Gab3 mRNA and protein expression in described tissues and cell lines were detected by qRT-PCR assay (A and C) and Western blotting assay (B and D), respectively. SHP2 and p85 expressions were also tested (D). Gab3 association with p85 or SHP2 was tested by immunoprecipitation (IP) assay (E). (A and B) n = 7 means seven sets of tissues. (C) n = 5 means five replicate wells. The intensity of each band was normalized to the corresponding loading control or indicated protein. Data were presented as mean ± SD. * p <0.05 vs. “Normal” tissues/“Astrocytes”.

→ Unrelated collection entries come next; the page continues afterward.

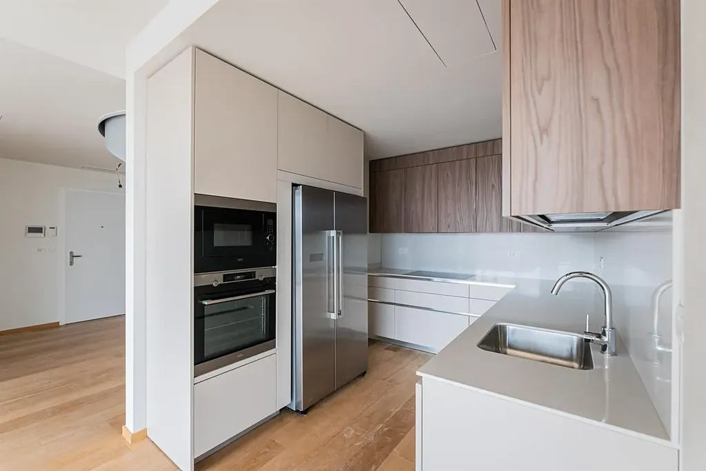 Součástí vybavení bytu patří klimatizace, pračka, sušička, podlahové topení, kvalitní dubová podlaha. K dispozici je sklep a parkování v garážích.
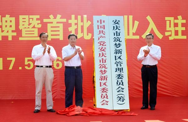 2017年5月26日上午,新區(qū)揭牌暨首批企業(yè)入駐儀式在安慶智慧產(chǎn)業(yè)園廣場隆重舉行。活動由市委常委、常務(wù)副市長張君毅主持。市委書記魏曉明、市長陳冰冰、市人大主任康正和為中共安慶市筑夢新區(qū)委員會、安慶市筑夢新區(qū)管理委員會(籌)揭牌;董磊副市長致辭,并與入駐企業(yè)代表共同開啟企業(yè)集中入駐啟動球。市領(lǐng)導(dǎo)劉大群、陳愛軍、宋圣軍、華克思、周東明等出席活動。
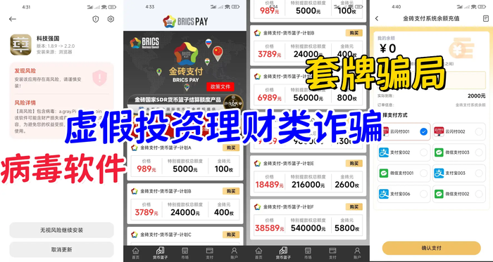 發(fā)表時(shí)間:2024-11-06 11:41作者:李旭反傳銷來(lái)源:李旭反傳防騙團(tuán)隊(duì) 不法分子套用、冒用國(guó)家、知名企業(yè)等名義,制作散步涉詐APP,引誘不明真相的人群下載注冊(cè),涉詐APP虛構(gòu)推廣高額返利理財(cái)項(xiàng)目實(shí)施詐騙項(xiàng)目。 由于虛假投資理財(cái)類詐騙APP無(wú)法通過(guò)正規(guī)途徑在應(yīng)用市場(chǎng)上架,詐騙分子只能通過(guò)創(chuàng)建網(wǎng)址鏈接、發(fā)送APK安裝包或掃描二維碼的方式讓用戶下載安裝虛假投資理財(cái)APP或進(jìn)入虛假投資網(wǎng)站。 虛假投資平臺(tái)大多會(huì)要求受害人將資金轉(zhuǎn)賬到指定的個(gè)人賬戶或非當(dāng)前投資平臺(tái)的對(duì)公賬戶,而正規(guī)的交易平臺(tái)只能轉(zhuǎn)賬到開設(shè)的專用對(duì)公賬戶。 一:套牌騙局——資金盤套牌的“科技強(qiáng)國(guó)”APP:病毒軟件 網(wǎng)友反饋,朋友讓我買金磚分紅利息高,說(shuō)是國(guó)家辦的科技強(qiáng)國(guó),是不是真的? 根據(jù)網(wǎng)友提供的資料,該項(xiàng)目冒用某公司的名義,推廣“金磚支付-貨幣籃子”“人工智能3.0”“數(shù)智未來(lái)”等高額返利項(xiàng)目,參與其中,收取款賬戶為第三方。
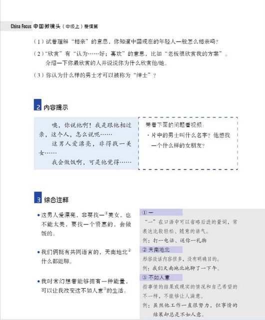 China Focus is a set of comprehensive Chinese teaching materials specially designed for the Chinese audiovisual-speaking course. The video clips are extracted from contemporary Chinese social hot issues, feature programs, news, sitcoms, documentaries, talk shows, interviews, entertainment programs, films and TV plays, micro films, advertisements, songs, etc. Using abundant online video resources, it builds a natural-language-based classroom teaching environment, giving full play to the Chinese audiovisual-speaking course's function of being a window to the society, and promoting the integration of language learning and cultural understanding.
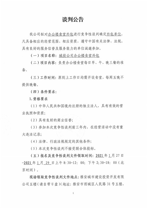 雅安城市建設(shè)投資開(kāi)發(fā)有限公司辦公樓食堂外包競(jìng)爭(zhēng)性談判公告
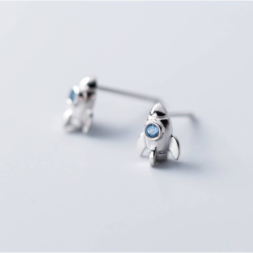 Sterling Silver Rocket Ship Stud Earrings
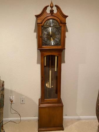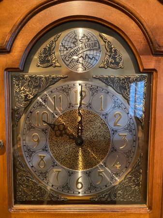 LOVELY TEMPUS FUGIT GRANDMOTHER CLOCK. $650.00 OBO. GOOD CONDITION! 66” tall 8” deep 14” wide
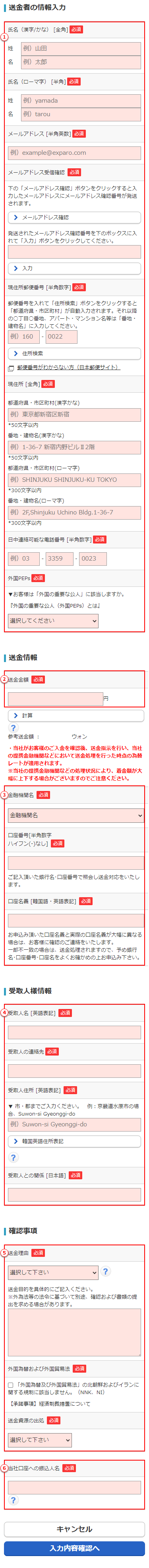 - ※本人確認書類のご送付が確認できない場合や、本人確認書類記載の情報から送金依頼人様がご本人様であることを確認できない場合、韓国への送金を行うことはできません。
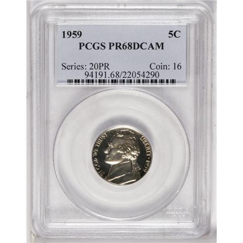 <B>1959<5C> PR68 Deep Cameo PCGS.</B></I> This razor-sharp and seemingly pristine Superb Gem exhibits light gold patina as the coin turns under a light. The dies are slightly rotated counterclockwise, quite unusual for a proof. Population: 9 in 68 Deep Cameo, 1 finer (7/06).
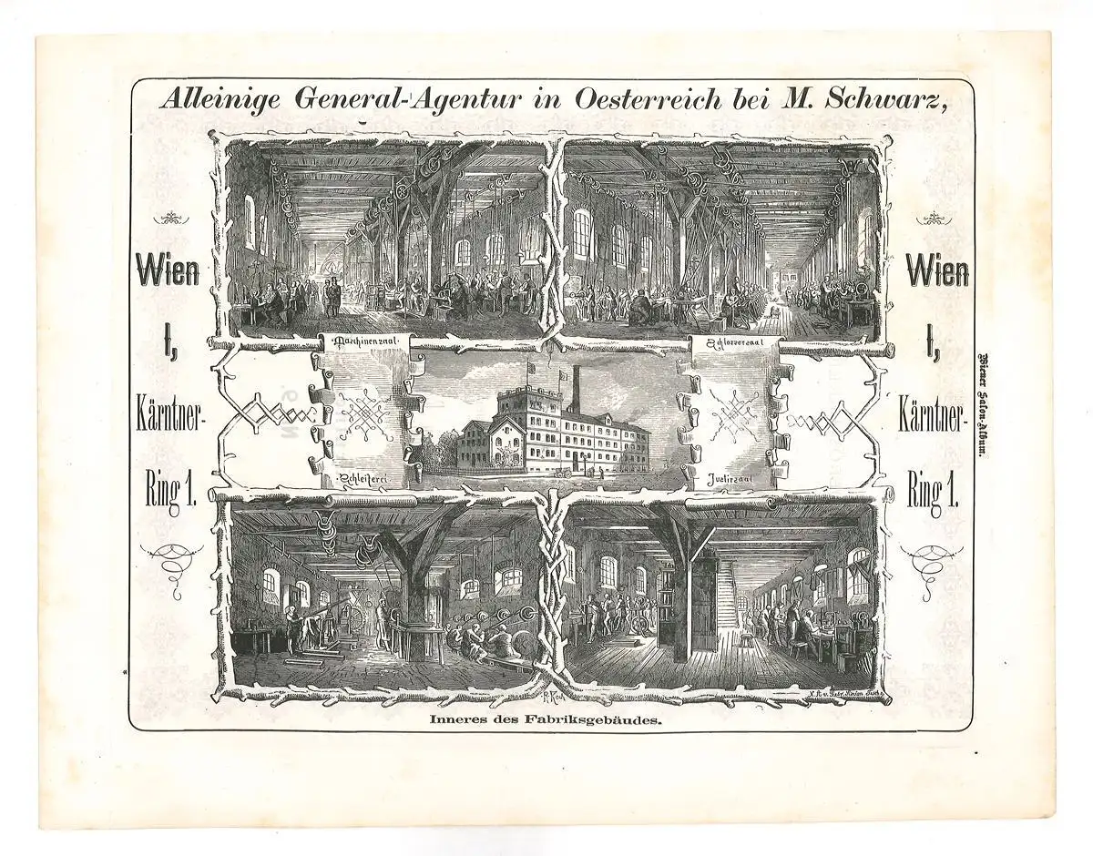 ArtikeldetailsAlleinige General-Agentur in Oesterreich bei M. Schwarz., Wien I, Kärntner-Ring 1. Inneres des Fabrikgebäudes. Maschinensaal. Schleiferei. Justirsaal. [WIEN] -

https://doi.org/10.1371/journal.pone.0173473.g001

Next, the immunoprecipitation (IP) assay was performed to examine the association between Gab3 and other proposed adaptor proteins. Results in Fig 1E showed that there was a strong association between Gab3 and p85 in both U251MG cells and primary human glioma cells. Gab3-p85 association was not observed in the primary astrocytes (Fig 1E). Interestingly, Gab3 didn’t form a complex with SHP2 in above glioma cells (Fig 1E). These results imply that Gab3 possibly serves as the upstream of p85-Akt signaling in glioma cells.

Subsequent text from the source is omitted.